Sounds like you have a low-protein flour. The gluten structure isn't strong enough to trap air. I'm assuming you are doing everything else exactly the same. Try this: grab a handful of the flour and squeeze it in your hand. Does it clump together a lot, a little or not at all? Bread flour should have a slight brownish color, feel coarse to the touch, and will not hold a clump when squeezed. Compare it to the Gold Medal if you can.

The people who gave us golf and called it a game are the same people who gave us bag pipes and called it music and haggis and called it food.

The people who gave us golf and called it a game are the same people who gave us bag pipes and called it music and haggis and called it food.

MarineEngineer's picture

(post #65215, reply #4 of 8)

next time I'm on the ship I will.

sanderson's picture

(post #65215, reply #5 of 8)

If protein is the issue, I'd take a shot at adding egg whites. If you're using dried egg whites try adding a T per pound of flour.

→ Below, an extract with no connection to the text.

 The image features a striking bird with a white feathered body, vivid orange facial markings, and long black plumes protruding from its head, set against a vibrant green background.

If you have fresh eggs add one egg white to the water you start the yeast in letting the white contribute to the liquid volume.

MarineEngineer's picture

(post #65215, reply #6 of 8)

egg whites ... that is something that I can try. Don't return to the ship until around Christmas time, though ... so time will tell.

Gary's picture

(post #65215, reply #7 of 8)

That won't work. The idea is that the proteins need to form a mesh that entraps the carbon dioxide generated by the yeast. Eggs won't form a mesh unless their whipped. I don't think adding a meringue is going to solve the problem.

The people who gave us golf and called it a game are the same people who gave us bag pipes and called it music and haggis and called it food.

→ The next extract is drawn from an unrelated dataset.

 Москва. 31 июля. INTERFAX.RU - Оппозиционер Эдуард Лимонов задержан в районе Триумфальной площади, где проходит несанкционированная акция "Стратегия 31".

The people who gave us golf and called it a game are the same people who gave us bag pipes and called it music and haggis and called it food.

sanderson's picture

(post #65215, reply #8 of 8)

I think if you give the egg white tip a try you'll find it works. It's an easy way to up the protein in low protein flour. The meshing (aka denaturing) you refer to happens in the kneading. What you are doing is making more of the long protein molecules available to make into mesh.